# Wow - David Lee Roth looks old...



## trancejeremy (Jun 5, 2006)

He's being interviewed on the news about his getting fired from CBS radio, and wow! He looks old. I mean, he's 52, not exactly young, but he could easily pass for 72.  Actually, he looks like that old guy who sells those juice machines.  Old but very animated.

(No real reason to post this, other than it being quite a shock and have to get it off my chest.

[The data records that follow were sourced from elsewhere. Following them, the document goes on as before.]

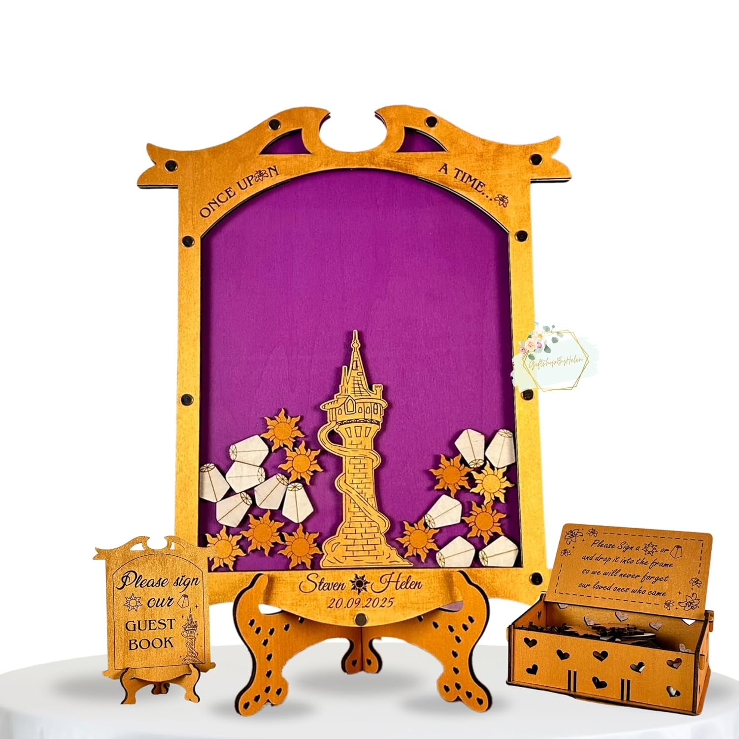 - π° Fairytale Guest Book Alternative β Inspired by Tangled, this wooden drop box lets guests leave signed tokens, creating a magical keepsake for your wedding.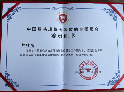 3月4日,中国羽毛球协会体教融合委员会成立大会在北京召开,北京大学、中国科学技术大学、中国地质大学(武汉)87家单位成为会员单位其中大学会员单位34家,beat365官网beat365中文登录入口邹师思副教授当选为中国羽毛球协会体教融合委员会委员。
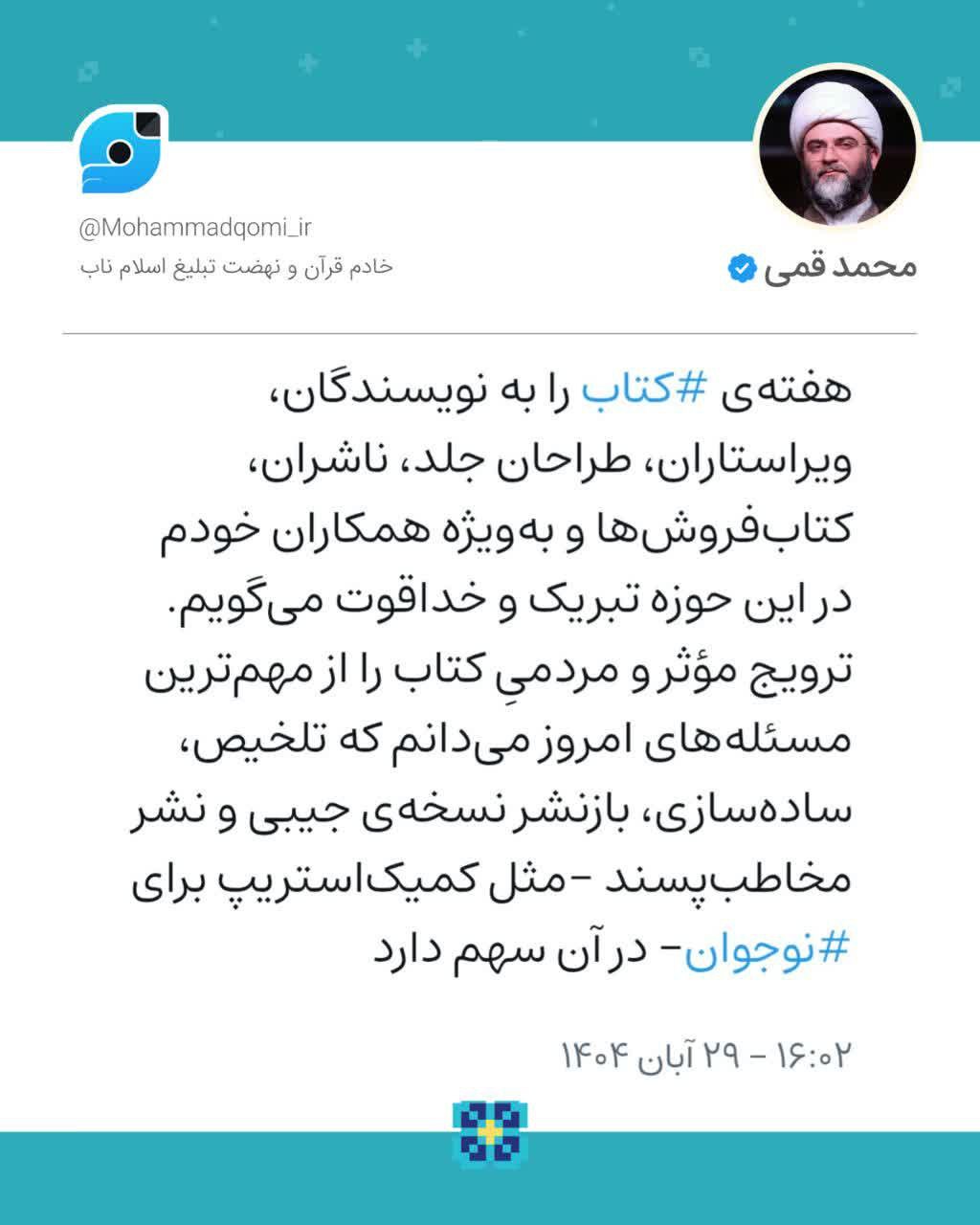 به گزارش روابط عمومی سازمان تبلیغات اسلامی، حجت‌الاسلام محمد قمی، رئیس سازمان تبلیغات اسلامی به مناسبت هفته کتاب در صفحه شخصی خود در شبکه اجتماعی ویراستی نوشت؛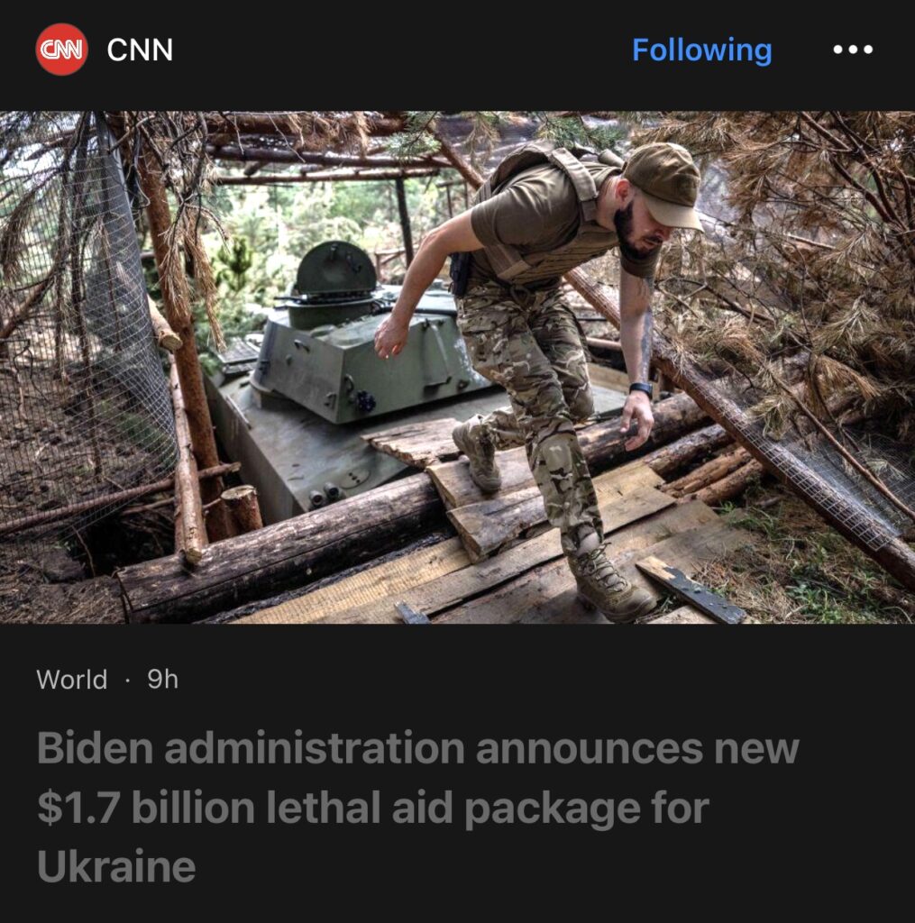 4。据CNN 报道,拜登政府周一宣布向乌克兰提供总额约17亿美元的新致命援助计划,主要包括美国此前向乌克兰提供的导弹,火炮和防空系统的弹药。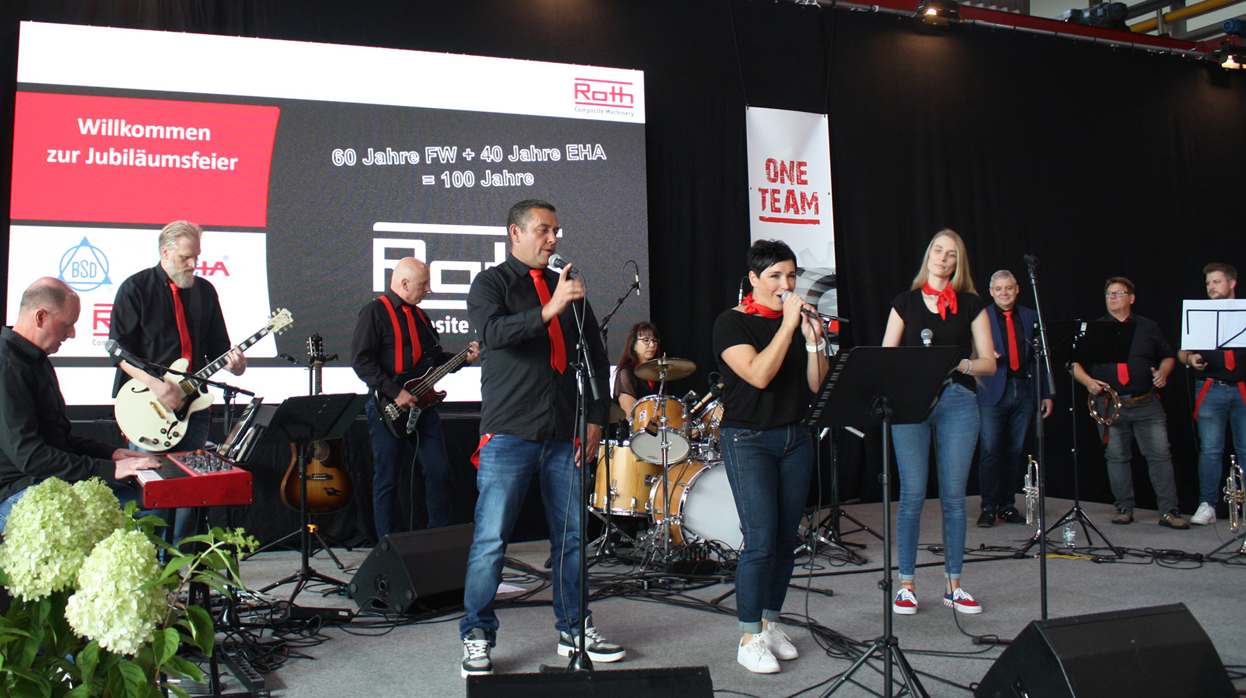 Für die musikalische Begleitung sorgte die Roth-Band, die sich aus Musikerinnen und Musikern aller verschiedener Roth-Unternehmen zusammensetzt. Sie hatten für das Jubiläum einen Streifzug aus bekannten Stücken der Rock- und Popgeschichte zusammengestellt.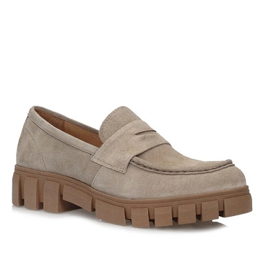 Skórzane Mokasyny na platformie Nessi 21086 beżowe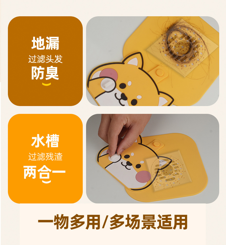 Маленькая желтая двухвостовая фильтрующая крышка для пола с запахом для ванной, предотвращает волосы и запах, мультяшная наклейка для дренажа, многофункциональная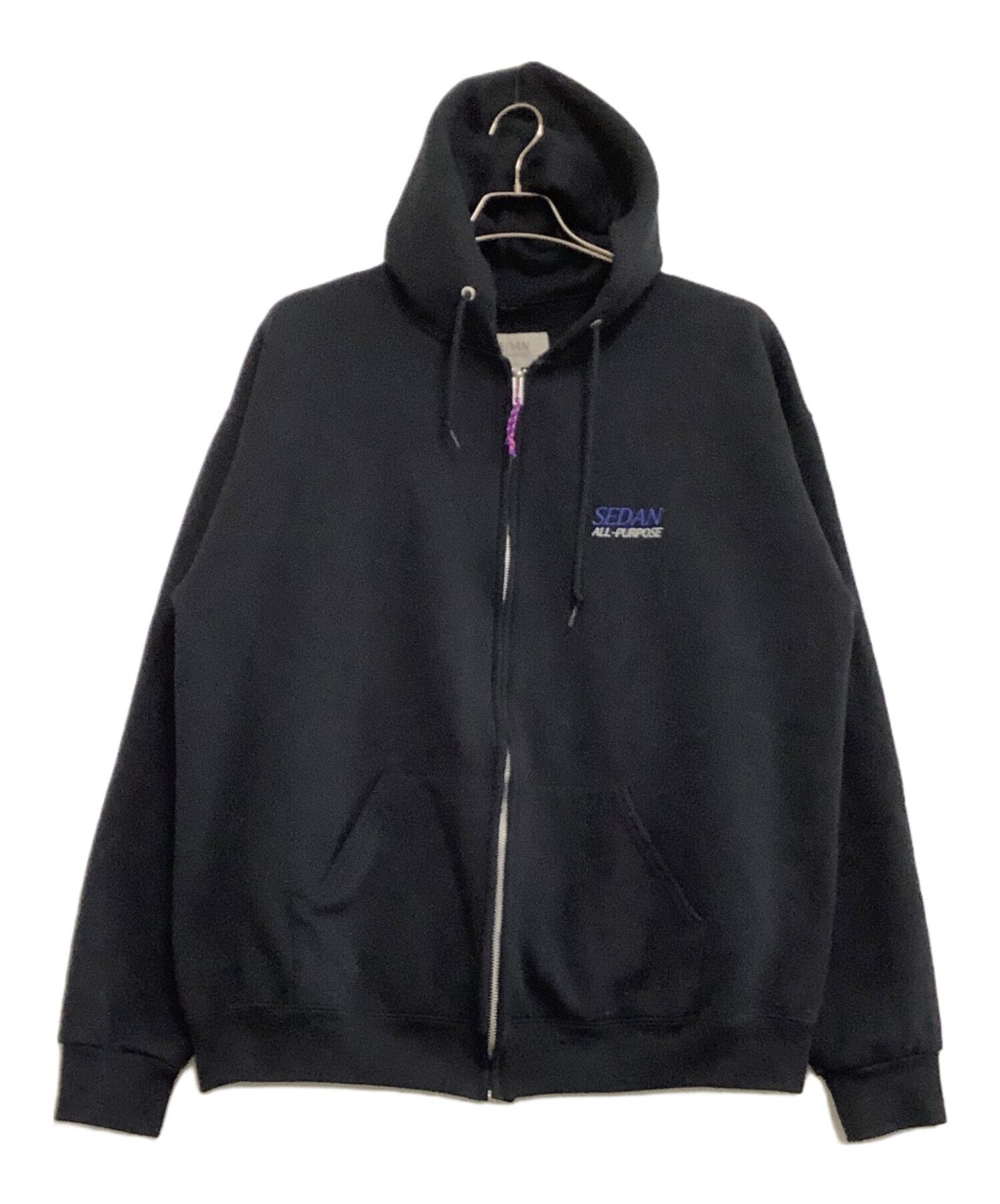 • SEDAN ALL-PURPOSE(セダンオールパーパス)SEDAN ALL-PURPOSE (セダンオールパーパス) ジップアップジャケット ブラック サイズ:XLの古着・服飾アイテム ヨゴレ毛羽立ち毛玉有
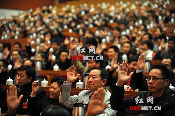 省政协委员举手表决,通过多项决议。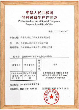 資質(zhì)證書號(hào):壓力容器制造證:TS2237S03;鍋爐制造許可證:TS2137116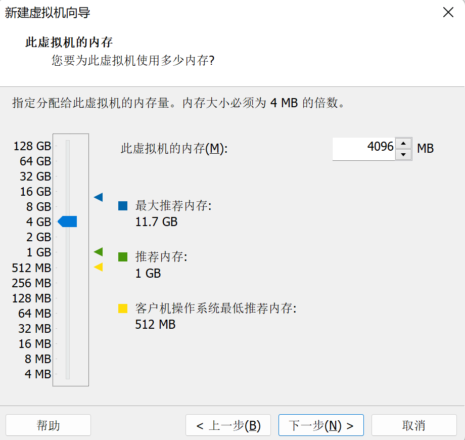虚拟机的内存安装Linux操作系统,可能1GB就足够,但是我们还需要在Linux上安装Oracle,

He looks worse than many rock stars from the 60s and 70s)


----------



## devilbat (Jun 5, 2006)

His hair plugs do him absolutely no justice.


----------



## Templetroll (Jun 5, 2006)

You think he looks worse that Ozzie?  No, Roth looked fine for a 50 year old that lived a rough life, his brain seemed to still be fully operative.


----------



## jaerdaph (Jun 6, 2006)

Well, 1984 did come out like 22 years ago. 

Alright, now I feel old.


----------



## Dannyalcatraz (Jun 6, 2006)

Roth looks worse than Ozzy does now, but better than Ozzy looked about 15 years ago.

You remember...shirtless, pale, fat Ozzy who looked like something from a C'thuhu story?


----------



## kenobi65 (Jun 6, 2006)

It ain't the years, it's the mileage...and David Lee Roth has a few miles on that chassis.

I have to imagine that five months of constant abuse over his now-cancelled radio show did a little premature aging, too.


----------



## Bront (Jun 6, 2006)




----------



## Biohazard (Jun 6, 2006)

Bront said:
			
		

>









Aw, come on folks--he doesn't look *that* bad.    

OTOH, THIS one . . . 






 . . . is pretty hideous.  That hair.  Yech.  (DLR is the one on the LEFT, BTW.   )


----------



## Chainsaw Mage (Jun 6, 2006)

Biohazard said:
			
		

> . . . is pretty hideous.  That hair.  Yech.




Well, it could be worse . . .


----------



## Johnnie Freedom! (Jun 7, 2006)

Hmmm.  On the subject of "nasty hair, ugly combovers and bad toupees", how about Dean Koontz's "Rug From Beyond"?


----------



## trancejeremy (Jun 7, 2006)

Well, it's not so much the age, exactly, but he's gone from the coolest guy around when I was in high school, to someone who looks like he would be at home on the Lawrence Welk show playing the accordian or a game show host. 

A lot of other rock stars from that era have aged well.  Heck, Sammy Hagar looks pretty much like what he did 20 years ago (and is 5 years older)


----------



## Ghostwind (Jun 7, 2006)

What is even scarier is that Roth released "Jump" as a bluegrass/country song. He did it on Leno last night and I really thought the world had ended.


----------



## Dragonbait (Jun 7, 2006)

Dealing with the FCC and Clearchannel can do that to a person.

Try to compare DLR with Joe Pesci, do they look alike?


----------